According to Nutrition and You, cilantro has many health benefits including:
- Cilantro herb contains no cholesterol; but is rich in anti-oxidants and dietary fiber which help reduce LDL or "bad cholesterol" while increasing HDL or "good cholesterol" levels.
- The leaves and seeds contain many essential volatile oils.
- The herb is a good source of minerals like potassium, calcium, manganese, iron, and magnesium. Potassium in an important component of cell and body fluids that helps control heart rate and blood pressure. Iron is essential for red blood cell production. Manganese is used by the body as a co-factor for the antioxidant enzyme superoxide dismutase.
- It is also rich in many vital vitamins including folic-acid, riboflavin, niacin, vitamin-A, beta carotene, vitamin-C that are essential for optimum health. Vitamin-C is a powerful natural antioxidant. Cilantro leaves provides 30% of daily recommended levels of vitamin-C.
- It provides 6748 IU of vitamin-A per 100 g, about 225% of recommended daily intake. Vitamin-A, an important fat soluble vitamin and anti-oxidant, is also required for maintaining healthy mucus membranes and skin and is also essential for vision. Consumption of natural foods rich in vitamin-A and flavonoids (carotenes) helps body protect from lung and oral cavity cancers.
- Cilantro is one of the richest herbal sources for vitamin K. Vitamin-K has potential role in bone mass building by promoting osteotrophic activity in the bones. It also has established role in the treatment of Alzheimer's disease patients by limiting neuronal damage in their brain.
- The coriander seeds oil have found application in many traditional medicines as analgesic, aphrodisiac, anti-spasmodic, deodorant, digestive, carminative, fungicidal, lipolytic (weight loss), stimulant and stomachic.
Ok, I'm done with the history lesson on cilantro now! :) But really, this dish was delicious and extremely light and flavorful.

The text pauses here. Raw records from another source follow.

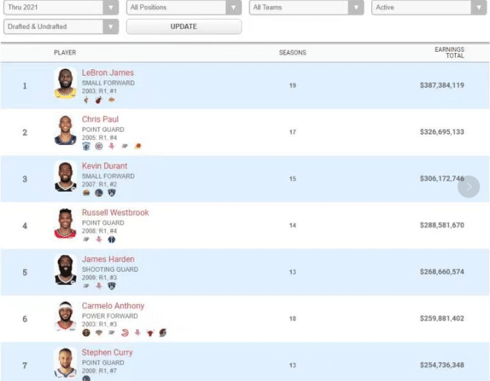 算上太阳4年1.2亿的续约合同,保罗生涯已狂赚4.5亿,这一个数额让保罗成为了NBA历史球员总薪资榜的第二名,历史只比詹姆斯少。当前,詹姆斯已赚到3.87亿美金,与湖人提前续约2年8500万,詹姆斯排在历史总薪资榜第一名,保罗已赚到3.26亿美金,杜兰特已赚到3.06亿排在第三名。
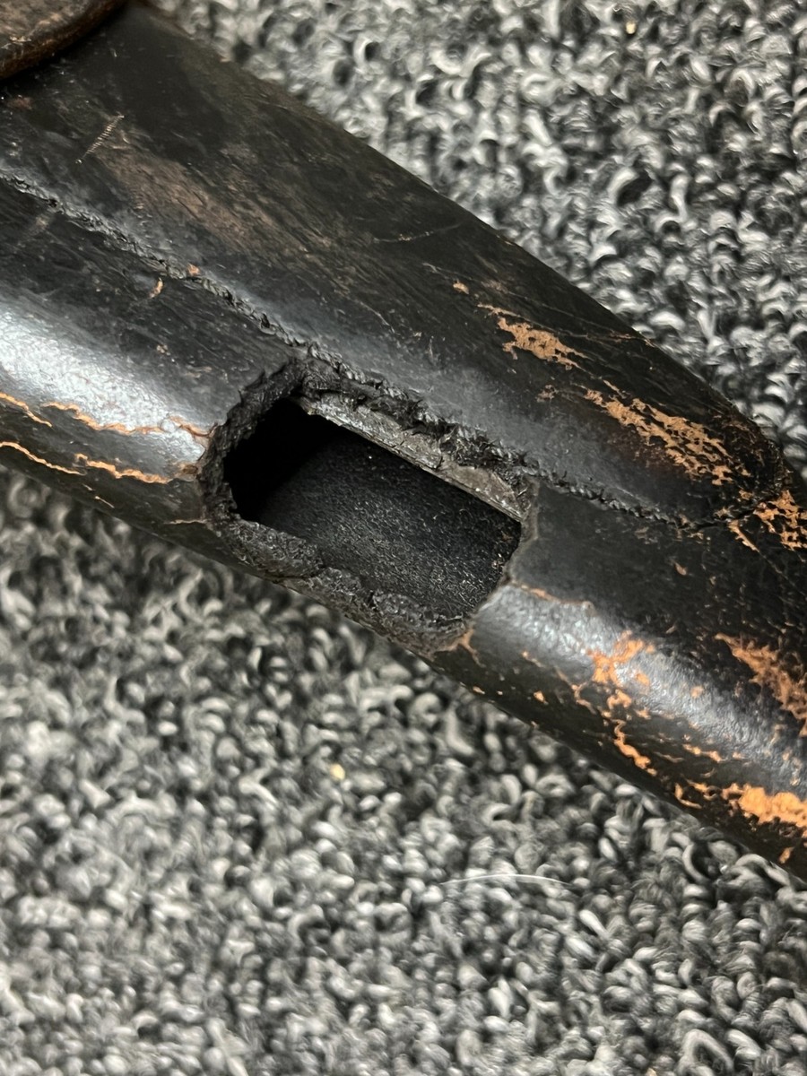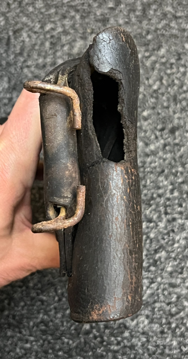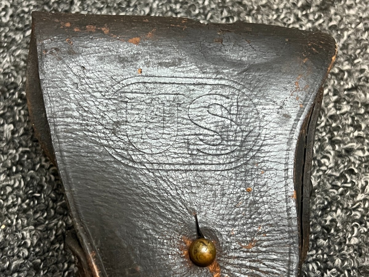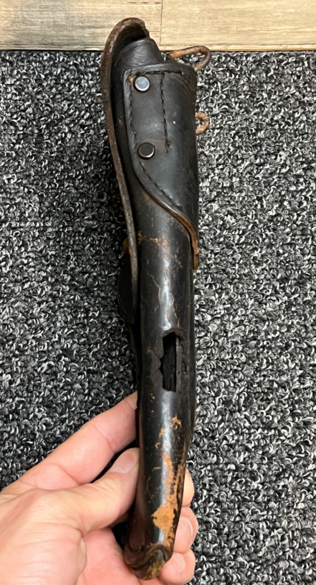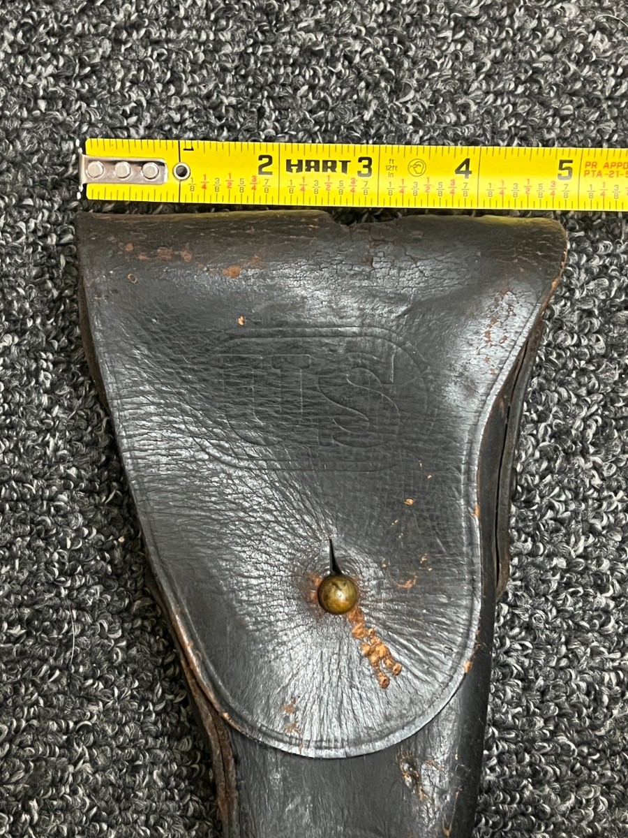 The item for sale is an Original US Army WWII M1916 Pistol Holster .45 1911 WW2. In heavily worn condition with age-related wear. I can't quite make out the manufacturer stamp on the rear, but can tell it's an oval shaped marking.
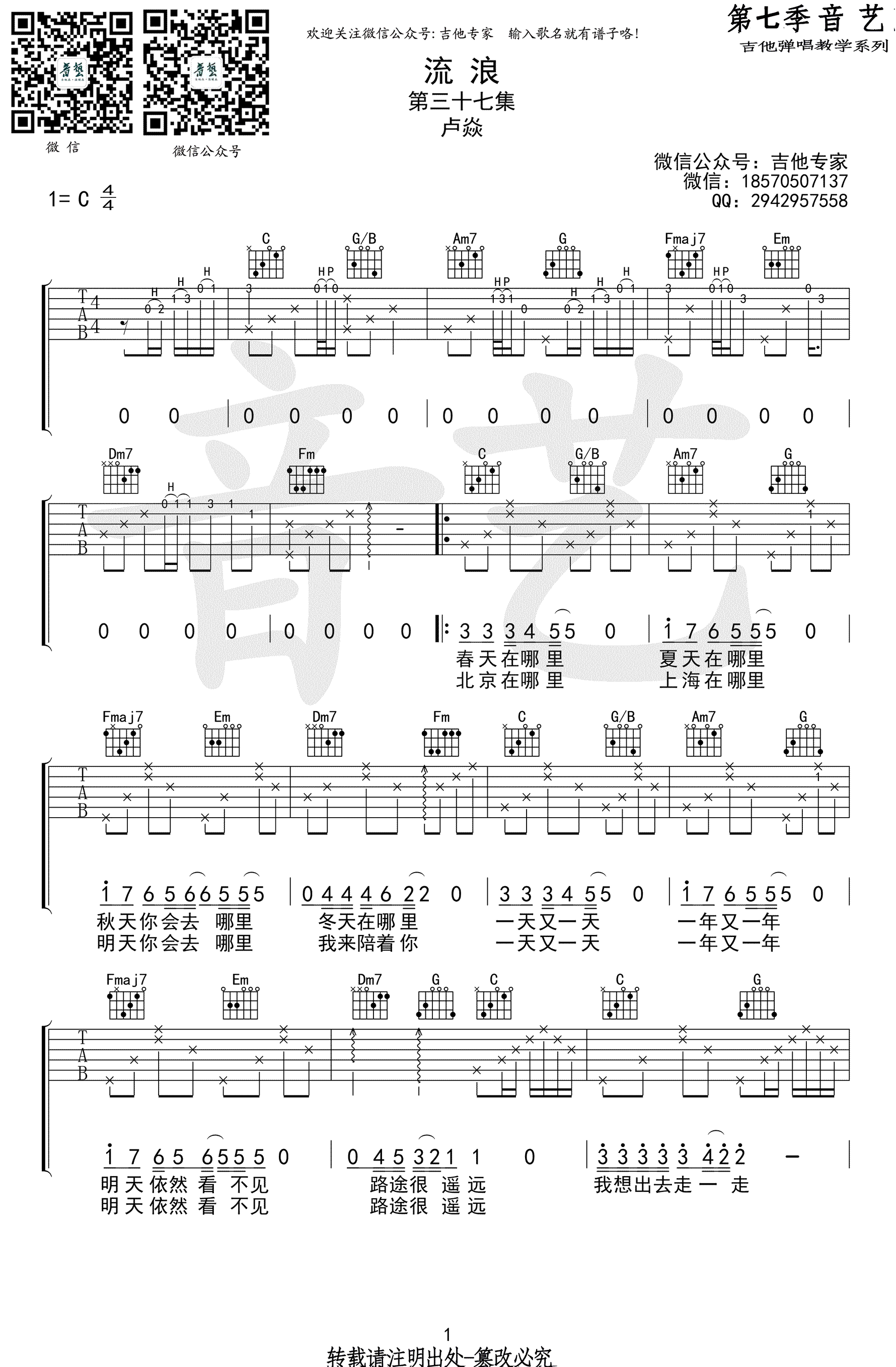 卢炎流浪吉他谱,C调弹唱,高清弹唱谱,一首好听的抖音热门歌曲,流浪六线谱,感谢艺音出品,吉他吧网站上传推荐。 羁绊的事情越来越多,怎样才能让自己过的洒脱一点,不知道最终是什么改变了我们,可能是不坚定,也可能是本来就特别容易妥协。我想出去走一走,看看这个大世界,还有太多的梦想等我去冒险。听着卢焱的《流浪》循环一遍遍,不要让自己被禁锢在原点。
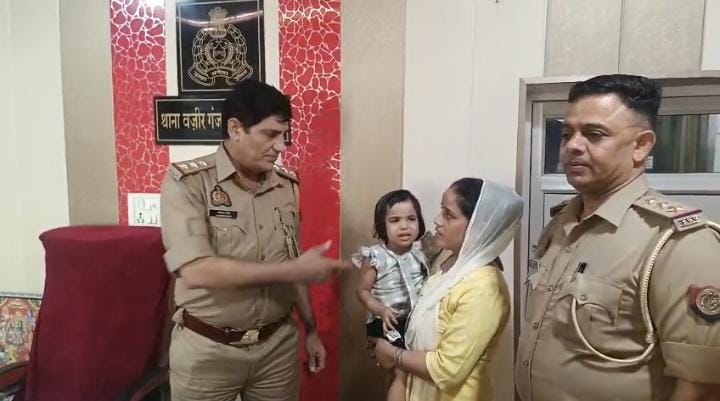 वजीरगंज में गुमशुदा बच्ची को सकुशल परिजनों को सौंपा।बच्ची खोने की खबर के महज आधे घंटे के अंदर वजीरगंज पुलिस की तत्परता से बच्चा हुआ बरामदवजीरगंज में सचिन कुमार की पुत्री उम्र 2 वर्ष निवासी आंवला रोड थाना वजीरगंज के अंतगर्त बच्चे के खोने से परिजनों में हड़कंप मच गई। बच्ची की मां रोते हुए थाना वजीरगंज पहुंची।परिजनों द्वारा तत्काल थाना प्रभारी वजीरगंज को सूचित किया गया। थाना प्रभारी जितेंद्र कुमार सिंह ने तुरंत एक्शन लेते हुए,SI राजाराम के द्वारा SI राजाराम ने महज आधे घंटे के अंदर खुई हुई बच्ची को सकुशल बरामद किया। जो कि बच्ची की मां खील,परमल खरीदते समय उनकी बच्ची किसी कारण गुम हो गई थी। पुलिस ने अपने अथक प्रयास से बच्चे को बरामद कर घर वालों को सुपुर्द किया। बच्ची के सकुशल घर लौटने पर परिजनों ने राहत की सांस ली और पुलिस टीम का आभार व्यक्त किया। क्षेत्रीय जनता ने भी वजीरगंज पुलिस की इस त्वरित और प्रभावी कार्रवाई की सराहना की है।
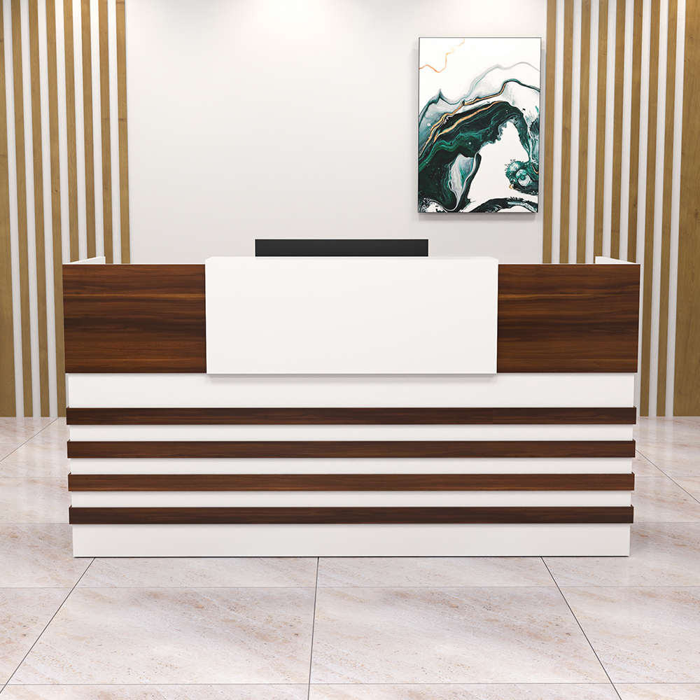 Mẫu FGQLT33 thuộc dòng quầy lễ tân cao cấp của thương hiệu FERGUS, nổi bật với thiết kế vuông gọn, mặt trước phẳng hiện đại và các chi tiết vân gỗ trang trí nổi bật bên hông. Sản phẩm phù hợp sử dụng trong môi trường văn phòng chuyên nghiệp, trung tâm chăm sóc khách hàng, phòng khám, showroom hoặc khu vực tiếp khách nhỏ gọn.

4 Chicken Thighs, skin removed
2 tbsp. Canola Oil
1 c. White Wine (I used Pinot Grigio)
3 tbsp. Fresh Cilantro, chopped
1 Lime, zest and juice
1 tsp. Garlic Powder
1 c. Low-Sodium Chicken Broth
2 tbsp. Cornstarch + 2 tbsp. Cold Water, to thicken sauce
Heat a Dutch oven or large saucepan over medium heat and add the oil. Add the chicken and lightly brown on both sides (approx. 15 minutes). Add the wine, cilantro, lime zest and juice, garlic powder and chicken broth. Bring to a boil, cover, reduce heat then let simmer for 45-50 minutes. Remove the chicken and set aside. Thicken the sauce with the cornstarch and water then add back in the chicken and simmer for another 5 minutes. Garnish with parsley. Serves 4.